The BAA II -04 and the BAA II -07 are incorporated by reference to this Supplemental Prospectus. The information in the BAA II -04 and the BAA II -07 is relevant for the information included in the Prospectus, including Section 1 "Summary" under the headings "What are the main features of the securities?" and "Why is this Prospectus being produced?" and Section 5.5 "Information concerning the Bonds". The BAA II -04 is available on https://www.oslobors.no/markedsaktivitet/#/details/HAVI04.OSE/data, and the BAA II -07 is available on https://www.oslobors.no/markedsaktivitet/#/details/HAVI07.OSE/data.
On 30 June 2020, the Anchor Shareholder subscribed for the unsecured and fully subordinated zero-interest convertible loan in the amount of NOK 100,000,000 (the "Liquidity Loan") issued by the Company. The Liquidity Loan will be used to secure liquidity for working capital purposes and OPEX/CAPEX funding. For further details on the Liquidity Loan, please refer to Section 5.2.2.5 of the Prospectus and Clause 12 and Clause 13 of the BAA II -04 and BAA II -07, respectively.
According to Section 5.5.2.2 of the Prospectus, the HAVI07 Bonds are inter alia secured by security arrangements relating to Havila Subcon AS (the "Owning Company"), a company indirectly owned 100% by Havila Shipping, including by way of the Owning Company Assignment of Earnings, the Owning Company Factoring Agreement, and the Owning Company Earnings Account Pledge, all terms as defined in the HAVI07 Bond Terms.

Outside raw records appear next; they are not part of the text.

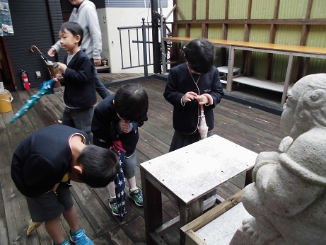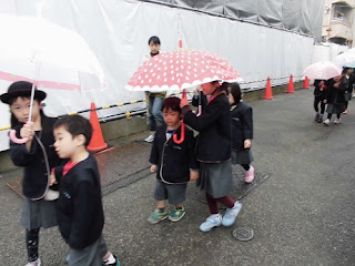 朝から天気が心配でしたが、年長・年中組は傘をさし、年少組は年長組の傘に入れてもらい、歩いて菊名神社に向かいました。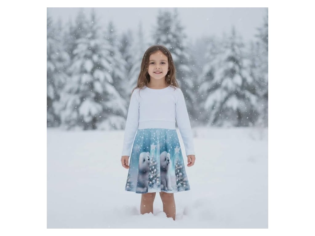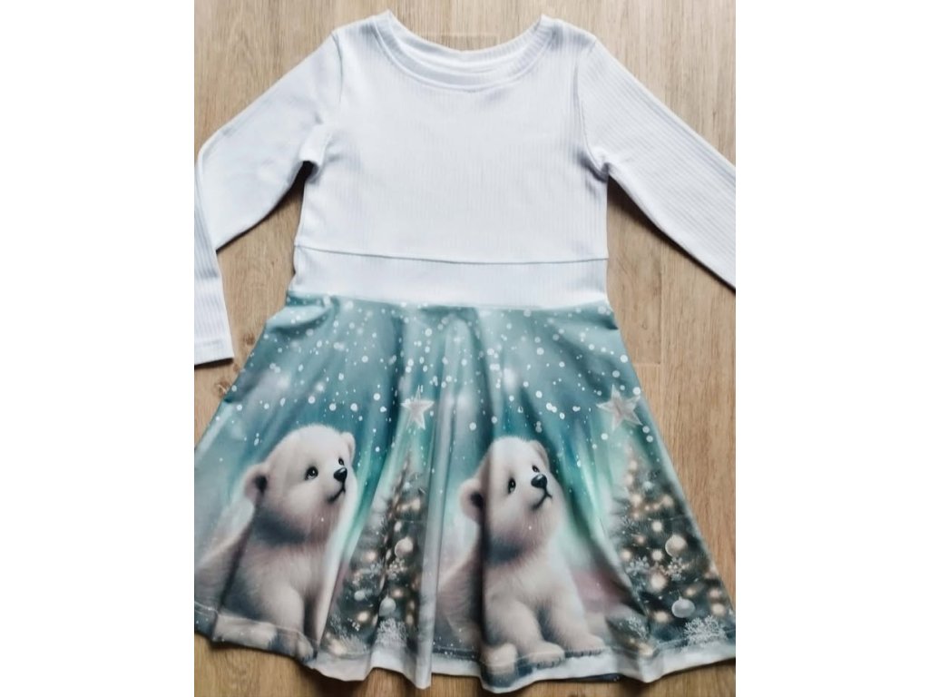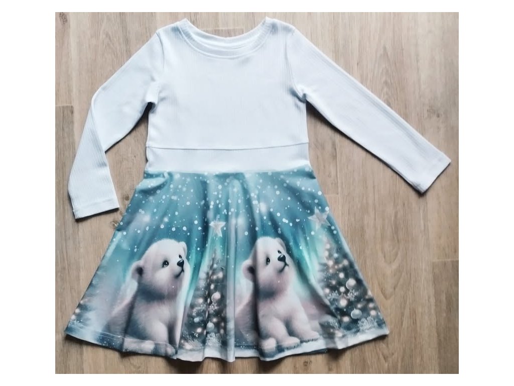 Úpletové šaty s dlouhým rukávem. Materiál vrchní části je bavlněný úplet s elastanem, žebrovaná struktura. Sukně je půlkolová a je z bavlněného úpletu. Barva vrchní části je bílá.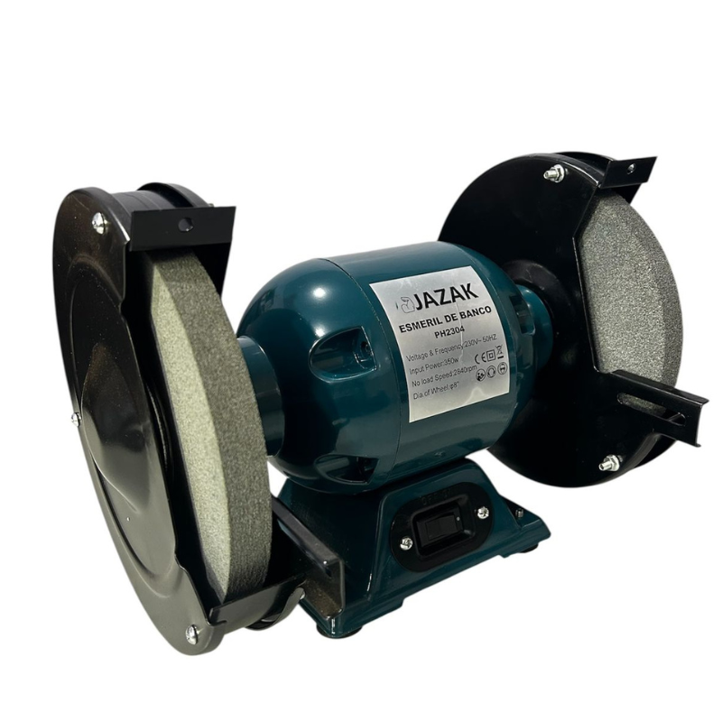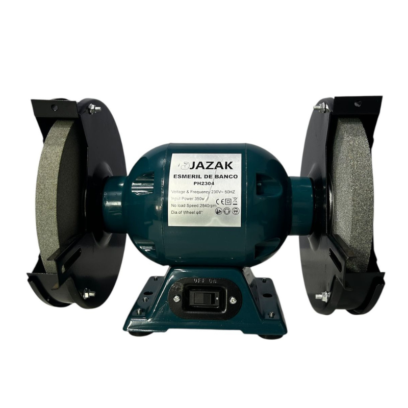 La amoladora de banco Jazak es compacta y potente, ideal para trabajos de afilado, desbaste y pulido en talleres y uso doméstico. Su motor de 350W asegura rendimiento confiable y durabilidad.

Pursuant to the BAA II -07 governing the HAVI07 Bonds, Havila Shipping has undertaken to complete an ownership rearrangement of the Owning Company within 90 calendar days from the Closing Date. Such ownership rearrangement involves a restructuring of the Owning Company's ownership of the vessel "Havila Subsea" (the "Vessel") and indirect ownership of the vessel "Havila Phoenix" by securing that the Vessel and the vessel "Havila Phoenix" are being owned in two separate single purpose company ("Ownership Rearrangement"). Simultaneously with the completion of the Ownership Rearrangement, Havila Shipping shall pledge all the issued shares in the single purpose company being the owner of the Vessel to the Bond Trustee as security for any and all outstanding amounts under the Finance Documents, as defined in the HAVI07 Bond Terms.
The Company deems the Ownership Rearrangement relating to the security for the HAVI07 Bonds to be of importance to prospective investors determining whether to invest in the HAVI07 Bonds.

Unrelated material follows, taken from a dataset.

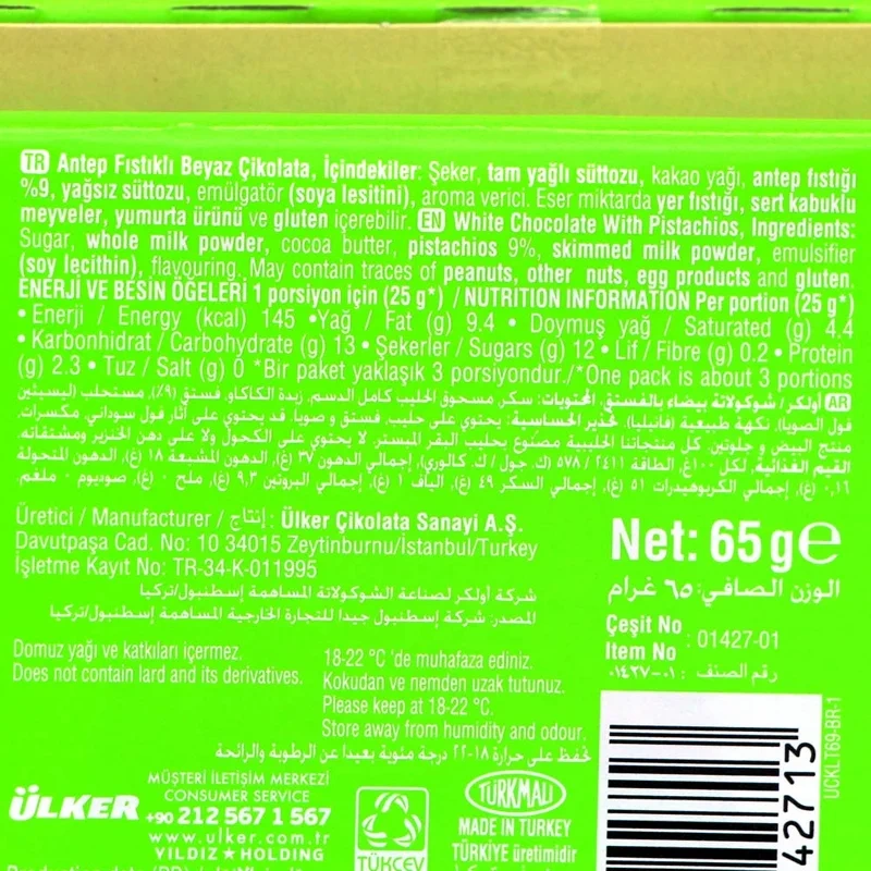 Шоколад Ulker белый с фисташками, 65г x 6 шт

On 30 April 2020, the Company published its audited consolidated financial statements for the Group as of and for the year ended 31 December 2019 (the "2019 Financial Statements"). The 2019 Financial Statements have been prepared in accordance with International Financial Reporting Standards (IFRS), as adopted by the EU. Furthermore, on 28 May 2020, the Company published its unaudited consolidated financial statements for the Group as of and for the three months period ended 31 March 2020 (the "Q1 2020 Financial Statements", and together with the 2019 Financial Statements, the "Financial Statements"). The Q1 2020 Financial Statements have been prepared in accordance with International Accounting Standard 34 (IAS 34), as adopted by the EU.
The Company deems the Financial Statements to be of importance to prospective investors determining whether to invest in the Bonds.

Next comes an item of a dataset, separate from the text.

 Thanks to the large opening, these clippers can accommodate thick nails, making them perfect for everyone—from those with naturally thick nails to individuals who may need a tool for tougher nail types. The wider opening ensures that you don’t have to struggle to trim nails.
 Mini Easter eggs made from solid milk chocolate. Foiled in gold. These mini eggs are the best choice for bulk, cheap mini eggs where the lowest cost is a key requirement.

The Financial Statements are incorporated by reference to this Supplemental Prospectus. The information in the Financial Statements is relevant for the information included in the Prospectus, including Section 1 "Summary" under the heading "What is the key financial information regarding the issuer?". The 2019 Financial Statements are available on https://www.havilashipping.no/prod_images/doc_244_26.pdf (the 2019 Financial Statements) and at https://www.havilashipping.no/prod_images/doc_246_26.pdf (the Q1 2020 Financial Statements).
Copies of the Financial Statements are also available for inspection at the Company's registered office during normal business hours on Monday to Friday each week (except for public holidays) for a period of 12 months from the date of this Supplemental Prospectus.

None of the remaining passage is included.